When aging, outdated systems at Hardin Medical Center (HMC) provided inadequate cooling and insufficient humidity control, hospital administrators undertook a number of upgrades. The Savannah, TN, medical facility, built in 1952, sought to improve the environment of care — especially in its labor and delivery area — to increase patient, physician, and staff comfort while also helping to reduce the chance of medical errors and infection. HMC also wished to increase the efficiency of its systems in order to combat rising operational and energy costs.

Prior to undertaking the improvements, leaders at HMC completed an environment of care study to identify ways to increase patient comfort, physician, and staff satisfaction and the hospital’s bottom line. They also used building information modeling to create an energy model of the entire facility, which was used to evaluate various energy conservation measures. Based on the results of these two evaluations, leaders identified upgrades that would best meet their needs.

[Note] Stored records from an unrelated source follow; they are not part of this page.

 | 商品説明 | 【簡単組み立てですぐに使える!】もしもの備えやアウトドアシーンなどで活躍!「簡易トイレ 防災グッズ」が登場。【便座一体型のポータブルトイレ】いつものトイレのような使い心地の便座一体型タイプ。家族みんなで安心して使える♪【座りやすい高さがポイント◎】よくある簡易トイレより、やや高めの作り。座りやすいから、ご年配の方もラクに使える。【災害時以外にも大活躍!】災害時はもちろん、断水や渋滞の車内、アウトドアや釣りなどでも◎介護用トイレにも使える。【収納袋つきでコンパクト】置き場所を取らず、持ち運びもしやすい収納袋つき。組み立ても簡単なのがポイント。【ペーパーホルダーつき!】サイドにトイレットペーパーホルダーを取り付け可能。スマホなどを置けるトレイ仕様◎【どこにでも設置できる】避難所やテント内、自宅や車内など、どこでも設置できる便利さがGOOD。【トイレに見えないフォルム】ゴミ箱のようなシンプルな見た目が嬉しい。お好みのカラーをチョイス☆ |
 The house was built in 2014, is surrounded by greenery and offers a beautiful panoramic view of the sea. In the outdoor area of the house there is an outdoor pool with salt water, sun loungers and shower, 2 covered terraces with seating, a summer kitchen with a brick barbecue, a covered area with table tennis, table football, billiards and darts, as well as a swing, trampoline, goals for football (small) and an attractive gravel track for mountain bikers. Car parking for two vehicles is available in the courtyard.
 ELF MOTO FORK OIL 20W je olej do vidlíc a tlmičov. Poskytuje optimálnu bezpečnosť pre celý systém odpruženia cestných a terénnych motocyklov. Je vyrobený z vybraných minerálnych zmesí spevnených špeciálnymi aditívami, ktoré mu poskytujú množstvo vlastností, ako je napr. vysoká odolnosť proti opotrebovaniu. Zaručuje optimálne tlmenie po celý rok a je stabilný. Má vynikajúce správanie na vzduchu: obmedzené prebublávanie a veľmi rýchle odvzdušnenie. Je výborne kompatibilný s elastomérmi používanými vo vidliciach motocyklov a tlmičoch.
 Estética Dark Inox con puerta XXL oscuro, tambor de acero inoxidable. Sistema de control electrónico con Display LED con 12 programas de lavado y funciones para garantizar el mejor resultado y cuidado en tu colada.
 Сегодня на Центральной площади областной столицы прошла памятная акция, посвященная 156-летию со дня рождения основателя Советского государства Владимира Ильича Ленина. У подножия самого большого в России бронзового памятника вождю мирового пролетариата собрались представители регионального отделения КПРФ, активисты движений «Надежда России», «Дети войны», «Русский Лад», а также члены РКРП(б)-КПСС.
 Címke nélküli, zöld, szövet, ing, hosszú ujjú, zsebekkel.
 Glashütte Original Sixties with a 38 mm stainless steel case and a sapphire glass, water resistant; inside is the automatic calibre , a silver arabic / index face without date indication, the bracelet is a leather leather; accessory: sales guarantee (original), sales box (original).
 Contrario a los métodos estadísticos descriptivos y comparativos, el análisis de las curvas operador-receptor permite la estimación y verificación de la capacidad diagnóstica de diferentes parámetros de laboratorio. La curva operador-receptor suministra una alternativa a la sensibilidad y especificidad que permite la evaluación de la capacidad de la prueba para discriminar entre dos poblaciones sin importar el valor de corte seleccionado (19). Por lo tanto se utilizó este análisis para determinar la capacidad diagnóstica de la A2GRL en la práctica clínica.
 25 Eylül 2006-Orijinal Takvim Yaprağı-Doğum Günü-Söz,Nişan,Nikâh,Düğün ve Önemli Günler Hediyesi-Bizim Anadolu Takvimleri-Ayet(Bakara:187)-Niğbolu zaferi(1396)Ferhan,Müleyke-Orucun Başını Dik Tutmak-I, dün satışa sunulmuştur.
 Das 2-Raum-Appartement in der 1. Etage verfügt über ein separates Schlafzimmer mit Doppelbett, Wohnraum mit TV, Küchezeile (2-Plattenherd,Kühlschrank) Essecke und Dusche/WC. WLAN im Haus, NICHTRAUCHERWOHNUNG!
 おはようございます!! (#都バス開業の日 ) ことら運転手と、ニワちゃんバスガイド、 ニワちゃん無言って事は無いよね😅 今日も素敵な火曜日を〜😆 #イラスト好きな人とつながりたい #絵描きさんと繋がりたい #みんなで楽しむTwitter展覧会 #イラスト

Administrators at HMC report that infrastructure improvements to the healthcare facility have reduced annual energy and operational costs by more than 30% while increasing patient comfort and physician and staff satisfaction. The hospital also received an $11,500 rebate from the Tennessee Valley Authority (TVA) for reducing its load on the electrical grid.

The energy savings identified proved significant enough to cover the cost of a HVAC system to provide reliable temperature and humidity control for the labor and delivery area.

“We’re pleased that we can provide a more comfortable environment for patients and a more satisfying workplace for physicians and staff,” said Nick Lewis, chief executive officer at HMC. “It’s even better that the improvements generate significant energy and operational savings each year, and that we were able to fund them through a performance contract without any capital outlay.”

In recognition of the hospital’s commitment to energy, operational efficiency, and sustainability, Trane recently presented the hospital with its Energy Efficiency Leader Award.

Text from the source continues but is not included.